The TTree has branches named GenModel_TChiWH_950_400, GenModel_TChiWH_900_400, .....
etc. For any given event only one of these is true and all other similar branches are false. So I want to create multiple root files by sorting the events according to GenModel_TChiWH_*. For example, I need to create SortedFile_GenModel_TChiWH_950_50.root
in which all events belong to GenModel_TChiWH_950_50 == true
.
Here is the script [1] I have. The issue I am facing is that the memory usage keeps growing as the files are produced. At the end, I think it consumes about 2.5 GB for an input file of 221 MB and ~130k events.

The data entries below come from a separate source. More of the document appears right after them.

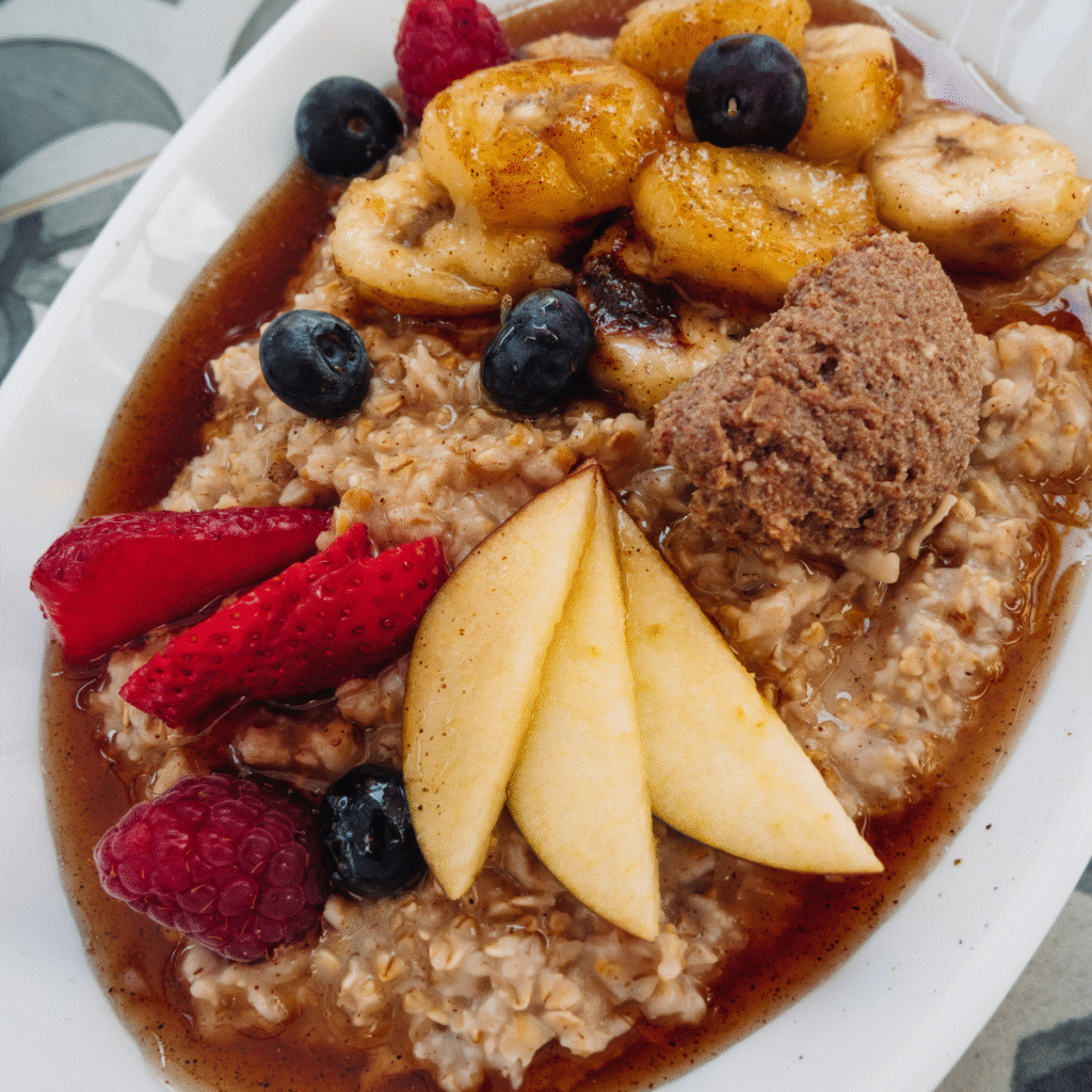 - Arrange the Toppings: Artfully arrange the warm caramelized bananas, fresh berries, and apple slices on top of the oatmeal.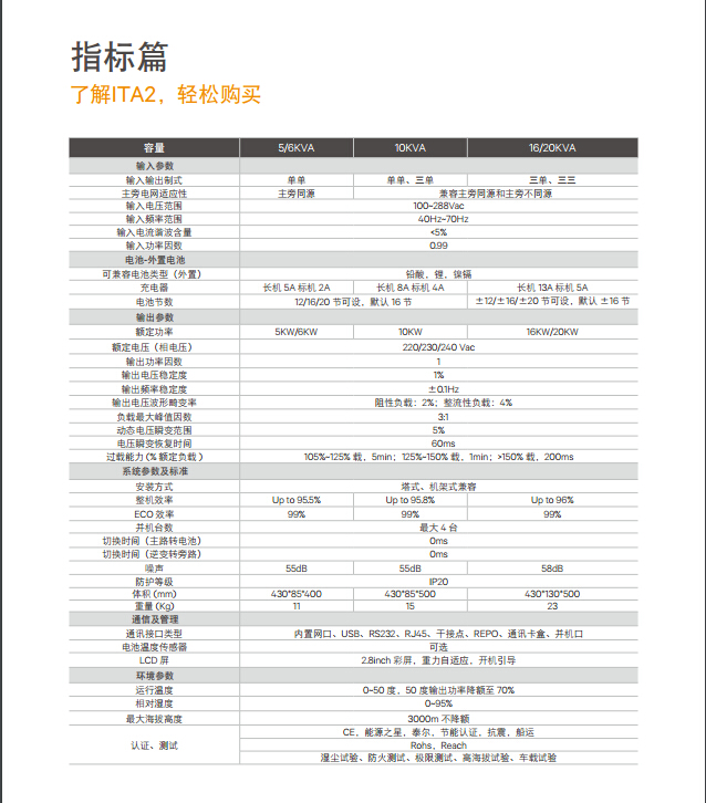 ITA2全系列輸出功率因數提升至1,KVA=KW,帶載能力提升20%以上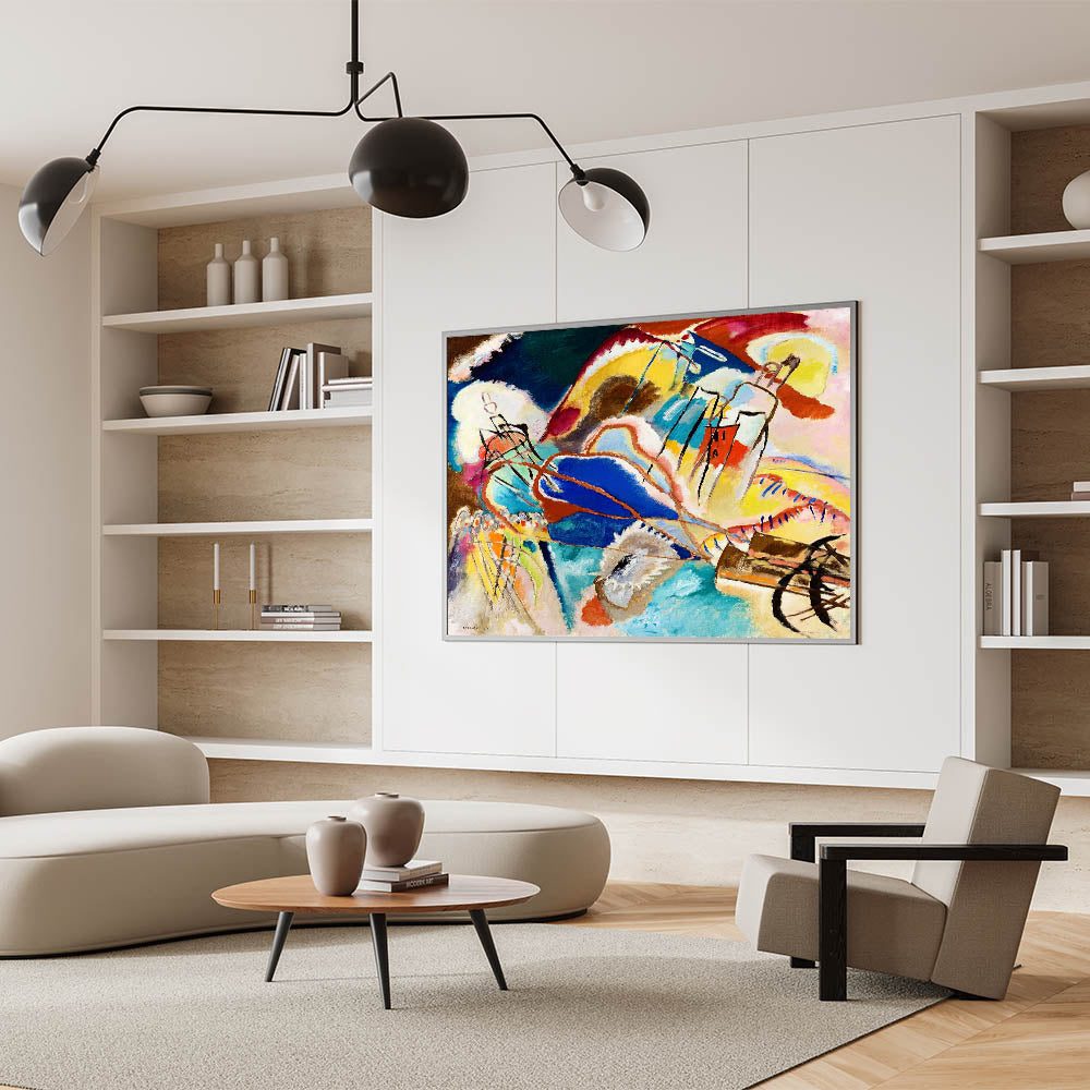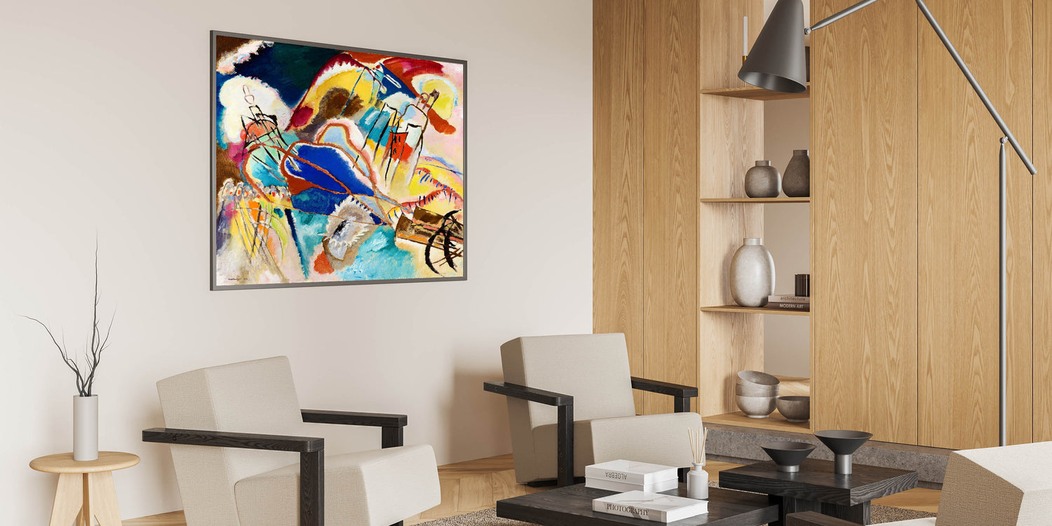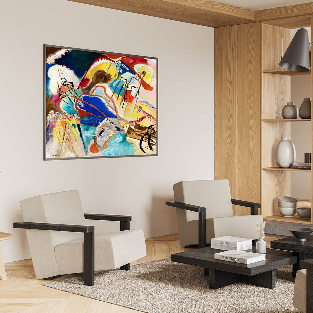 Ignite your space with the bold and dynamic energy of abstract expressionism with this modern wall art inspired by Wassily Kandinsky’s vibrant style. Featuring an explosion of colors in hues of blue, yellow, red, and green, this artwork uses abstract shapes and flowing lines to evoke emotion and movement. Ideal for contemporary decor, this unique modern art piece transforms any room with its spirited composition and expressive forms.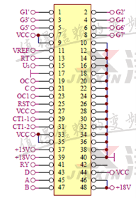 給變頻器送電后,變頻器面板顯示ERR37,根據(jù)故障解釋說明,檢查CPU小板反饋至控制卡的信號(hào)波形異常,有帶毛刺的尖雜波。測(cè)量點(diǎn)為下圖45,47號(hào)。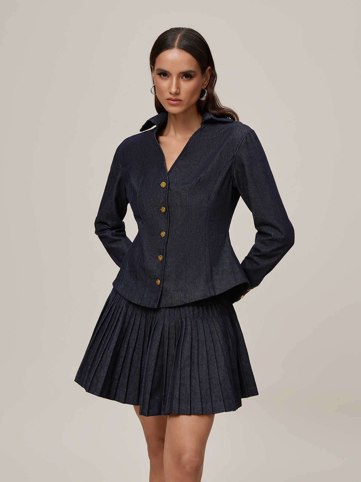 Elevate your casual wardrobe with the Onaedo V Neck Pleated Denim Skirt Set. This stylish ensemble combines...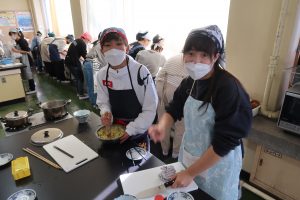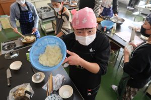 「主食」・「主菜」・「副菜」のそろった一食分の献立を、自分たちで栄養のバランスを考えながら立て、それぞれが工夫を生かした料理づくりに取り組みました。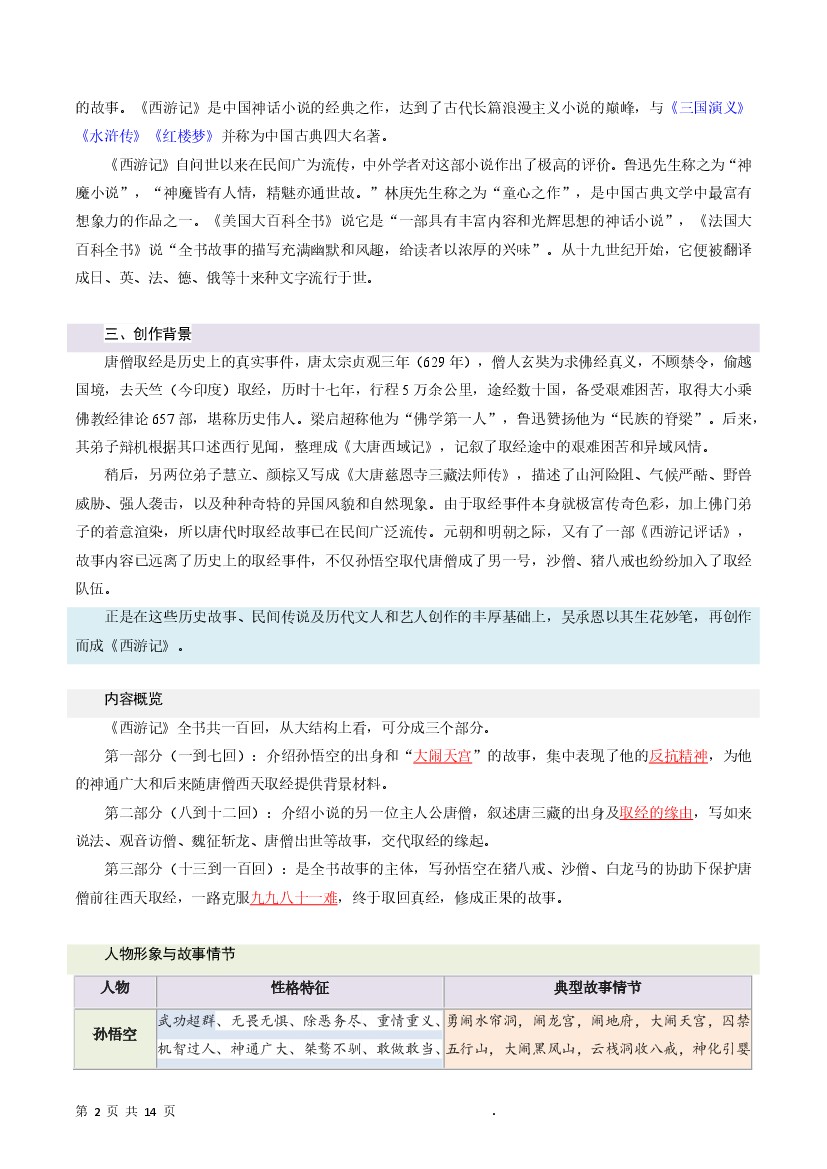 初中 七年级(上)语文整本书阅读《西游记》精品讲义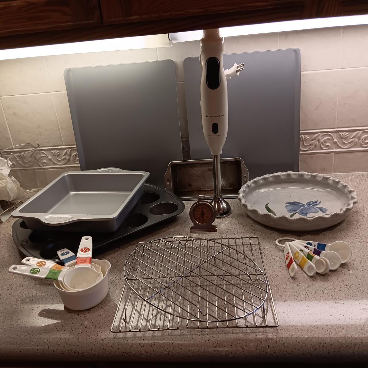 BAKEWARE AND A KITCHENAID HAND MIXER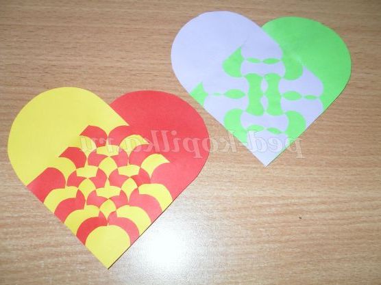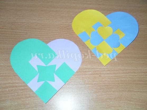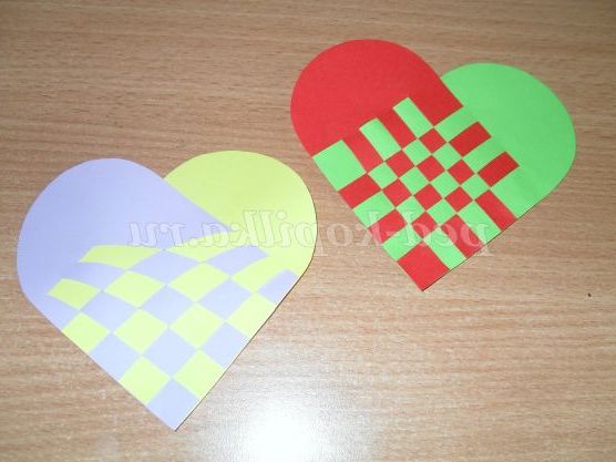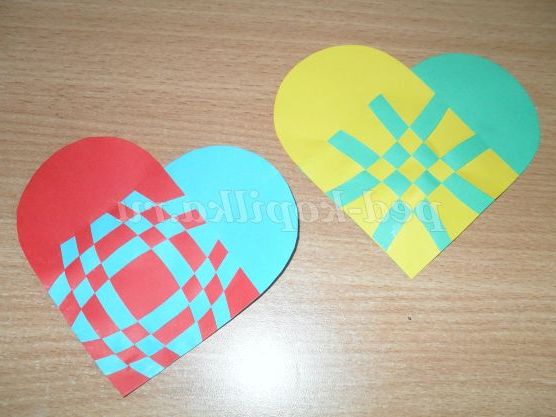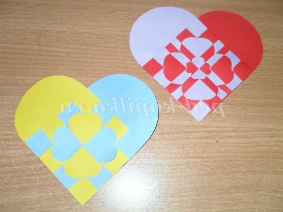 Я спробувала зробити кілька ось таких плетених сердечок. Це і є валентинки. Варіантів таких плетінок безліч. В осінні свята по таким схемам можна спробувати зробити листочки. Це теж, як варіант. Напевно багато хто з педагогів вже робили такі плетінки з дітьми за простою схемою. Вашій увазі пропоную більш ускладнені варіанти.

Is there a way to “clear some memory” inside the for loop? I am fine with increased computing time by some amount. I have turned off multi-threading since it reduces the memory usage to some extent.
Thanks,
Vinay
_ROOT Version: 6.26/07
_Platform: AlmaLinux release 9.4 (Seafoam Ocelot)
Compiler: Not Provided
[1]
import ROOT as rt
import sys
# rt.EnableImplicitMT() # Enable multi-threading. Not that helpful for this code. Can save some memory with single thread.
if __name__ == "__main__":
if len(sys.argv) != 3:
print("Usage: python3 makeTTreeForEachMass_v2.py <In_root_file> <OutFile string>")
sys.exit(1)
file_path = sys.argv[1]
outFnameSt = sys.argv[2]
print("Starting analysis")
tree_name = "Events"
df = rt.RDataFrame(tree_name, file_path)
Nentries = df.Count().GetValue()
print("Number of events:", Nentries)
# Get all branch names
branch_names = df.GetColumnNames()
# print(branch_names)
# Extract mass pairs from branch names
branchNamePatr = "GenModel_TChiWH_" # There are branches named GenModel_TChiWH_950_50, GenModel_TChiWH_950_400, etc. For a given event only one of these GenModel_TChiWH_* are 1 (true). Other GenModel_TChiWH_* are set to 0 (false).
mass_pairs = []
outFileNames = []
totalEvents = 0
for branch in branch_names:
branch_str = str(branch)
if str(branchNamePatr) in branch_str:
mXY = branch_str.split('_')[-2::]
mX = float(mXY[0])
mY = float(mXY[1])
mass_pairs.append((mX, mY, branch_str))
###########
df_temp = df.Filter(f"({branch} == 1)")
outName = outFnameSt+"_"+str(int(mX))+"_"+str(int(mY))+".root"
print("Creating file",outName)
df_temp.Snapshot("Events",outName) # write a TTree that contains events in which only GenModel_TChiWH_950_400 is true, for example.